In 2005, I began studying at Albert Einstein College of Medicine in The Bronx. The Wall Street work ethic prepared me for the long, grueling hours. I’d seen what a career was like outside of the hospital, and this was where I belonged. Since I loved every rotation equally, I ended up working in the ER, where you get a little bit of everything.

Today, I live with my husband, Rishi Madhok, another ER doctor, in Philadelphia, and I’m eight-and-a-half months pregnant with our first child.

A typical day at work starts at 6 a.m. and ends as late as 11 p.m. These days, I am a neurocritical care fellow and an emergency medicine attending at the Hospital for the University of Pennsylvania, located in West Philadelphia. I see scores of gunshot wounds to the head and spine — but no two days are the same.

And Christine is doing great. She’s back at work and a star Flywheel student.
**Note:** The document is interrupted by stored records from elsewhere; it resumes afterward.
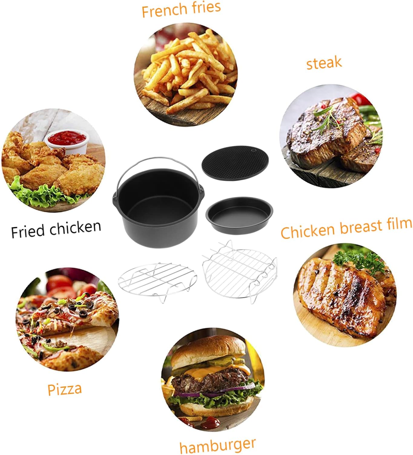 Package List 1 x Pizza Pan 1 x Cake Barrel 1 x Silicone Mat 1 x Holder 1 x Skewers Rack Features -Size: 19.00X18.00X8.00cm/7.47X7.07X3.14inch Air Fryer Kits -Note: Suitable for 7inch air dryer Cake Mold -Color: Black Pizza Baking Tray -Material: Stainless Steel Frying Pot Kit -No oil and butter are required, these help you do the less fat and oil frying food, makes for healthier eating Air Fryer Pan. -The edges are smooth and the bottom is designed with a circular arc, which does not hurt the pot Pizza Pan. -Multiple and various tools allowing you to truly enjoy the cooking with the health advantages and versatility Toast Rack. -The raised basket allows for the heat to reach every angle of the food and gives you the perfect crisp Cake Barrels. -Perfect air fryer accessories for making French fries, chips, , sticks, barbecue Cake Baking Pan.Goods InformationAir Fryer Kits It can be used in the kitchen, or you can take them outside to have a barbecue party.Cake Barrels You should have this set in your home to make delicious food, your family will like it very much.Cake Baking Pan These are practical air fryer accessories, which are specially designed for food frying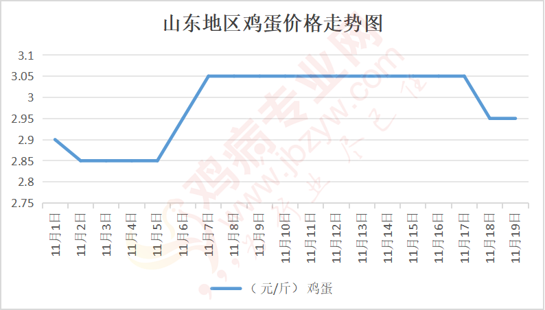 鸡病专业网消息:11月19日,山东地区莱阳鸡蛋2.95元/斤,稳;青岛鸡蛋2.95元/斤,稳;诸城鸡蛋3元/斤,稳;安丘鸡蛋2.9元/斤,稳;昌乐鸡蛋2.9元/斤,稳;寿光鸡蛋2.9元/斤,稳;昌邑鸡蛋2.9元/斤,稳;高密鸡蛋3元/斤,稳;青州鸡蛋2.9元/斤,稳;临朐鸡蛋2.9元/斤,稳;莱州鸡蛋2.95元/斤,稳;威海鸡蛋2.95元/斤,稳;临沭鸡蛋2.9元/斤,稳;沂水鸡蛋2.9元/斤,稳;沂南鸡蛋2.9元/斤,稳;莒南鸡蛋2.9元/斤,稳;兰陵县鸡蛋2.9元/斤,稳;日照鸡蛋2.9元/斤,稳;莒县鸡蛋2.9元/斤,稳;日照辛萁商贸鸡蛋2.9元/斤,稳;泗水鸡蛋价格84元/30斤,稳;济宁、汶上鸡蛋价格84元/30斤,稳;梁山、东平红蛋价格84元/30斤,稳;枣庄滕州地区鸡蛋混码主流到户86元/30斤,稳;泰安地区新泰鸡蛋价格84元/30斤,稳;菏泽地区曹县主流到户84元/30斤,稳;成武鸡蛋价格84元/30斤,稳;单县到户84元/30斤,稳;聊城莘县84元/30斤,稳。
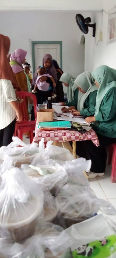 Setelah pemeriksaan, dilanjutkan dengan pembagian makanan tambahan (PMT) untuk balita dan ibu hamil. PMT yang diberikan berupa paket makanan bergizi yang diharapkan dapat mendukung pertumbuhan dan perkembangan anak serta menjaga kondisi ibu hamil tetap sehat selama kehamilan.

Most of her fellow spinners have no idea she has a prosthetic leg.

Meanwhile, on this season of “NY Med,” the reality show that followed me and the other doctors when I was an ER resident at New York-Presbyterian Hospital, cameras caught the patient rushed in during my shift who’d been struck by the subway car.

When I started working in the ER, I thought I’d be squeamish when a case like my sister’s came in.

In fact, Christine’s accident prepped me for the absolute worst. And that’s walking into the ER and seeing someone you love on the table.